The *left limit* of a function at a value \(a\) is the value the function should have to be connected to the branch on the left of the point, say \(L_{-}\), and is written \begin{equation*} \lim_{x \to a^{-}} f(x) = L_{-}. \end{equation*} The *right limit* of a function at \(a\) is the value the function should have to be connected to the branch on the right of the point, say \(L_{+}\), and is written \begin{equation*} \lim_{x \to a^{+}} f(x) = L_{+}.\end{equation*} If both sides would connect to the same point (\(L_{-}=L_{+}=L\)) then we say the limit at \(a\) exists and equals \(L\) \begin{equation*} \lim_{x \to a} f(x) = L. \end{equation*}

The definition of limits allow us to establish a precise definition of a function being continuous.

A function \(f\) is continuous at \(a\) if all of the following are satisfied:

- The limit of \(f\) at \(a\) exists.
- The value \(a\) is in the domain of \(f\), so that \(f(a)\) exists.
- \(\displaystyle \lim_{x \to a}f(x) = f(a)\).

If the definition of continuity is true for either the left or right limit individually, then we say the function is left- or right-continuous at the point. A function that is continuous at a point is both left- and right-continuous.

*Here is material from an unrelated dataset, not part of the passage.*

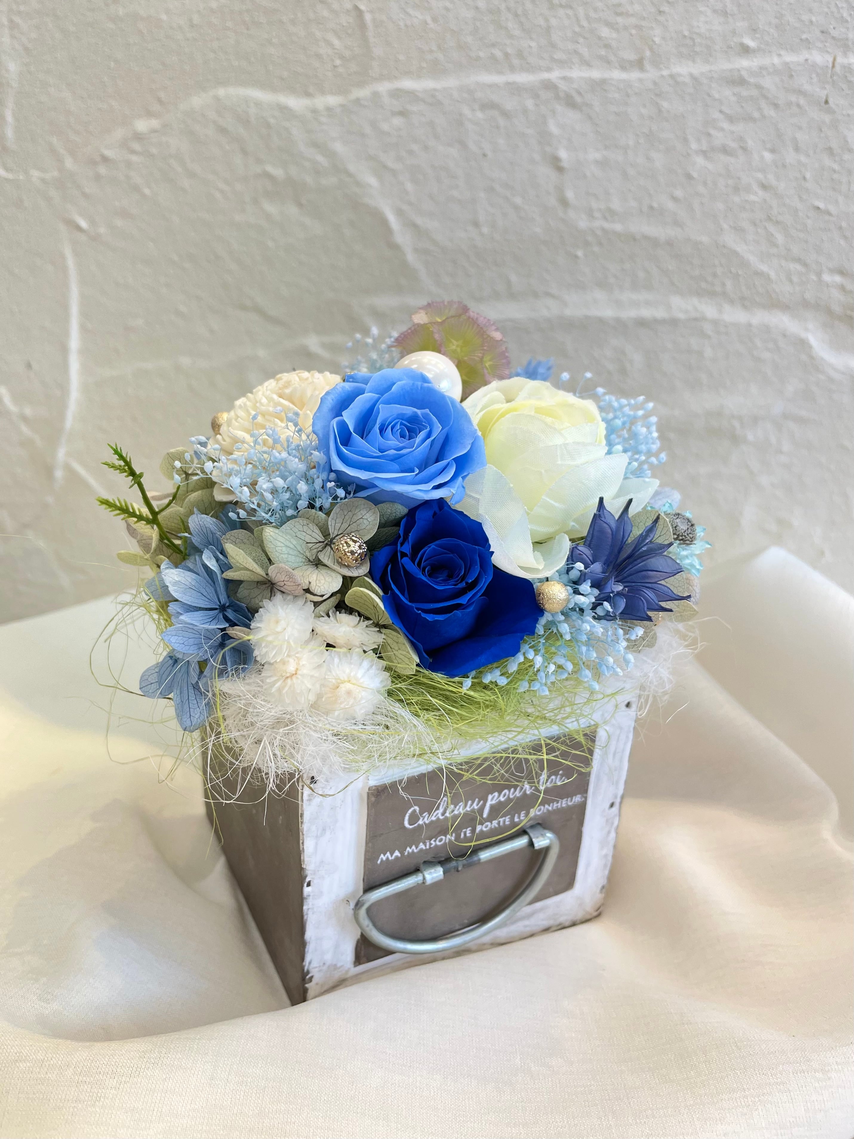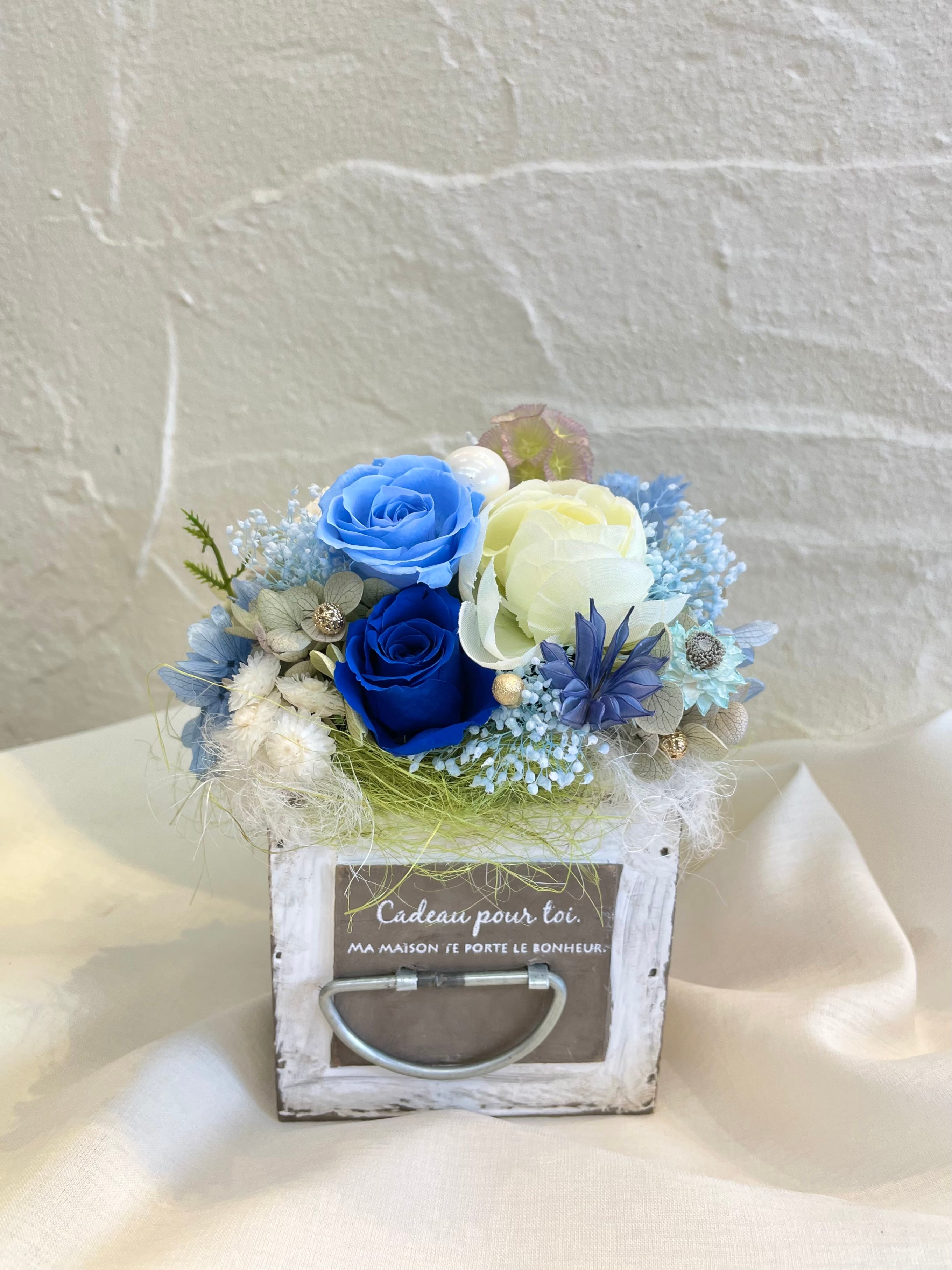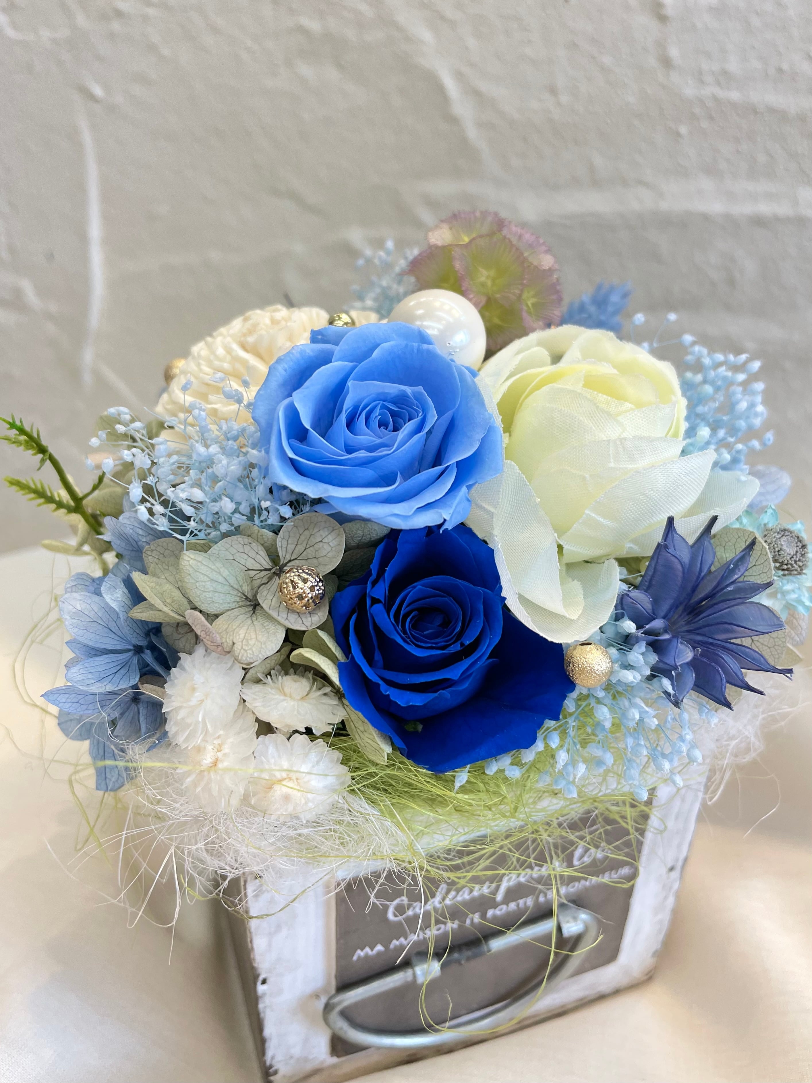 爽やかなブルーとホワイトのプリザーブドフラワーとアーティシャルフラワーを使用しました。

For the function whose graph is shown below, determine the limits and whether the function is continuous at each of the points, \(x \in \{-1, 0, 2, 3, 4\}\).

The examples used to illustrate the ideas of limits and continuity were based on graphical representations of functions. In order to see an algebraic representation of this type of function, we need to use what are called piecewise functions. In these functions, a different formula is used for different pieces of the domain.

Consider the following piecewise function. \begin{equation*}f(x) = \begin{cases} 2x-5, & x \lt 2, \\ 4, & x=2, \\ 4-3x, & x \gt 2 \end{cases} \end{equation*} Evaluate the limits of \(f(x)\) at each of the points \(x \in \{0, 2, 4\}\) and determine if the function is continuous.